Another consequence they did not anticipate was the massive refugee movement that swept across the nation, a direct but unexpected result of Soviet policies. Disease also became a major factor: as people grew weak from hunger, illnesses spread rapidly throughout the republic. Eventually, this led to a labor shortage as there were not enough people left to work on collective farms. At several points, it became clear that many of the outcomes of these policies took officials by surprise.

Kazakh family, 1932 / Central State Archive of Film, Photo, and Audio Documents of Kazakhstan
Returning to the broader question of intent, we can say with confidence that there was intent to destroy Kazakh culture and nomadism, and there is substantial evidence to prove it. There was also an awareness that these policies involved tradeoffs and that they would inevitably lead to loss of life. What remains the most debated issue, however, is whether there was intent to physically destroy Kazakhs as an ethnic group. That is the central and most contested question.
I think there is evidence supporting both interpretations. One challenge is that we do not have access to all the available sources, and another is that leaders such as Stalin often did not record their intentions in writing. For historians, this makes the task of reconstructing events especially challenging as we must piece together fragments of what they said and did.
When did Moscow’s plans for the Kazakh steppe collide with its reality?

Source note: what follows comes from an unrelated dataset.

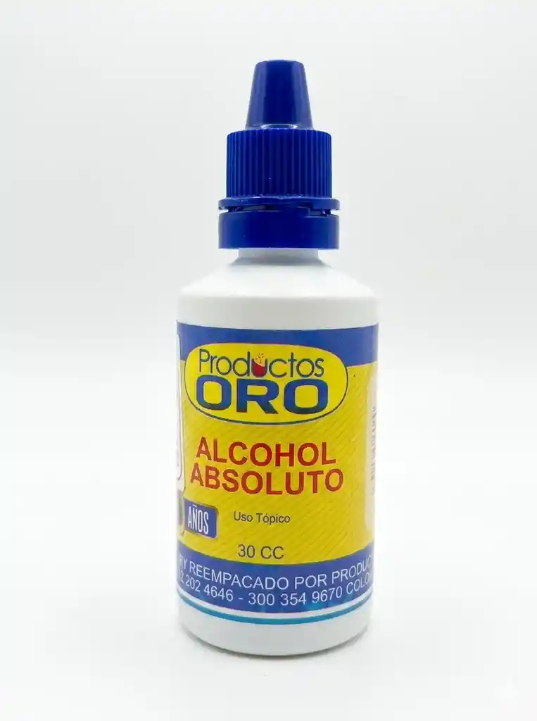 Descripción: Alcohol absoluto de alta pureza para uso tópico. Ideal para la desinfección de la piel intacta y como antiséptico de uso externo en el hogar o entornos clínicos. Contenido: 30 cc. Uso: Tópico / Externo.

There are many moments that reveal when these collisions took place; this is largely because officials were deeply unfamiliar with the steppe environment. They did not understand its highly variable rainfall: how one year could bring good precipitation and the next very little. They also misunderstood the variation in soil quality and how it could change over time. Most of all, they failed to grasp the nature of nomadism itself. It did not fit into the Marxist-Leninist categories they relied on, and they struggled to comprehend how a mobile pastoral system could function as an organized and sustainable way of life.

Family near a yurt. Turkestan Album, 1871–1872 / Library of Congress, USA
They tried to organize a census to count Kazakh nomads for the first time, applying the same methods they had used in European Russia for settled populations. But, of course, these methods did not work. At meetings, mapmakers would present maps, and participants would comment, ‘I thought people lived in that region,’ only to find no population marked there because they had not figured out how to count nomads. These records show how officials wrestled to adapt both Marxist-Leninist ideology and their scientific frameworks to a very different physical environment and way of life.

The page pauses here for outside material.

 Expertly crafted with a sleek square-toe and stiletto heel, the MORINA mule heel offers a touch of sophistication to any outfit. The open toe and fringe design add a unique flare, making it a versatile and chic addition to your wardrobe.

Do the same patterns hold for Ukraine?
Yes, my position is that the Ukrainian and Kazakh famines were, in fact, strikingly similar. When you look at both closely, the parallels are remarkable. One of the most interesting findings in my research was that many Ukrainian scholars have argued that policies such as blacklisting were applied only in Ukraine and have used that argument to support the claim that the famine there constituted genocide. But these same policies were also implemented in Kazakhstan. Villages were blacklisted there as well.
There is, in fact, a great deal in common between these two tragedies. I believe that how we categorize them must be consistent. Either we regard both as acts of genocide, or we classify both as not. In any case, they were both terrible crimes against humanity, and we should view them in the same light.